In past reports, I have generated a choropleth using VISN-level data. Unlike the U.S. shapefile (map files with coordinates; normally with the *.shp extension), the VISN shapefile is specific to the VA and doesn’t not follow the borders of the states used in typical U.S. shapefiles.

In this example, I will provide a step by step guide on how you can generate your own VISN-level choropleth for use in reports and presentations. The files for this tutorial are available on following Dropbox link.

 

TUTORIAL

Step 1: Download QGIS

Download QGIS, which is a free Geographic Information Systems (GIS) software for both the Windows and Mac operating systems. Watch the following video for a step-by-step guide on downloading and using the program. The program is simple to use and does not involve any coding. After you install the software, proceed to the next step. (Contact your local IT support to have this installed on a government-owned system.)

 

Step 2: Download the VISN shapefiles

The VA provides shapefiles online at the following link. Download the file titled FY2017_Q4_VISN.zip. This file will contain all the necessary files that you will need to build your choropleth.

 

Step 3: Download VISN-level data on total population

We will need VISN-level data to join with the VISN-level shapefile in QGIS. You can download the data from the following VA public site.

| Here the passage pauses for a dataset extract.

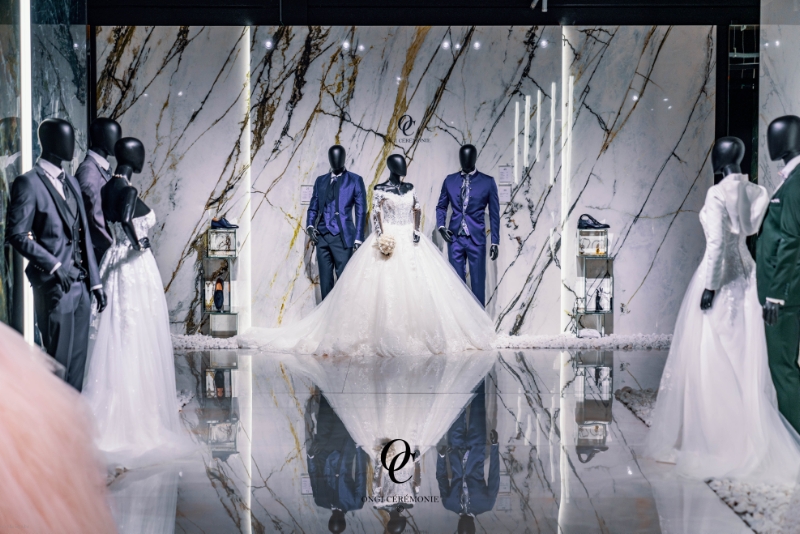 plus de 2000 costumes de mariés et cérémonies qui sont exposés dans un showroom de 1500m2.

Go to the Population Tables and download the “All Veterans Integrated Service Networks” Excel file. It will contain data on the total population at each VISN.

With QGIS, you will need to have two types of files for the data. I recommend using a text editor (not the Windows native notepad) such as Notepad++ or Brackets. In the text editor, open the file with the data and save it as a *.csv. The reason we do this is to make sure that the data is in text format. There are certain values that you want to ensure include the “0” in front of the other numbers (e.g., “01,” “02,” “03,” etc). If you don’t include the “0” you will not be able to join the data to the shapefiles.

After you save this as a *.csv (please include the extension onto the title), then you can open a new document on Notepad++ and enter the data column format. For instance, if column 1 is in text format, then type “String” for the first column. If the second data column is in numeric format, type “Integer.” We have a total of seven columns; therefore, we need to have seven data formats. See the example below.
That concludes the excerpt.